Wes Anderson, the filmmaker who keeps moving inside his own dollhouse

Penelope H. Fritz

The question that follows him around at every Cannes premiere is whether the new film is more of the same thing. It assumes the work sits on a shelf, neatly catalogued by what it adds or fails to add. The question keeps being asked and the films keep being made, and the gap between what the question wants to measure and what the films are actually doing is by now the most interesting thing about the career.

He grew up in Houston, the middle son of an advertising man and an archaeologist-turned-realtor, and was schooled at St. John’s, the private academy in town that would later become Rushmore Academy.
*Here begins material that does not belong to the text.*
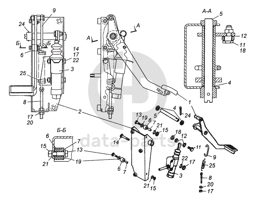 53205-1602008 Педаль сцепления с кронштейном и главным цилиндром в сборе

At the University of Texas in Austin he studied philosophy and met Owen Wilson; together they wrote a thirteen-minute short called Bottle Rocket, and James L. Brooks, who had been watching, helped them turn it into a feature. The route into directing was almost embarrassingly clean — Sundance, Columbia, a string of admiring critics — and it set the pattern: the work would always look like a continuation of the work that preceded it, and the continuation would always be enough to keep going.

Rushmore and, three years later, The Royal Tenenbaums established the persona. A boys’-club symmetry behind every shot. Wide-angle interiors that looked like cross-sections of dollhouses. Soundtrack cues from the British Invasion. Adolescents acting out adult grief and adults trapped in unfinished adolescence. The films were funny in the way that magazine cartoons are funny — exact, melancholy, faintly heartless until the last beat. They also made him a brand at thirty-two, which is a fate.

The diorama era — The Life Aquatic with Steve Zissou, The Darjeeling Limited, Fantastic Mr. Fox — pushed the production design from prop to thesis. The boats and trains and burrows were not sets but propositions: the world is a small constructed room, the room has a roof, the camera will move only in horizontal and vertical lines because that is how a child draws. Fantastic Mr. Fox added the technical lever — stop-motion — that would return in Isle of Dogs, and Alexandre Desplat replaced Mark Mothersbaugh on the score, settling into the role he has held for every Anderson live-action film since.

Moonrise Kingdom and, in 2014, The Grand Budapest Hotel were the commercial and critical peak. Grand Budapest was nominated for nine Oscars and won four. It also delivered the argument the diorama needed: Zubrowka is not nostalgic, it is a vanishing place that the film knows is vanishing, and the violence at the edges of the frame keeps reminding the dollhouse that it is being measured against the century outside. The reviews that read Anderson as decorative were arguing with a film he did not make.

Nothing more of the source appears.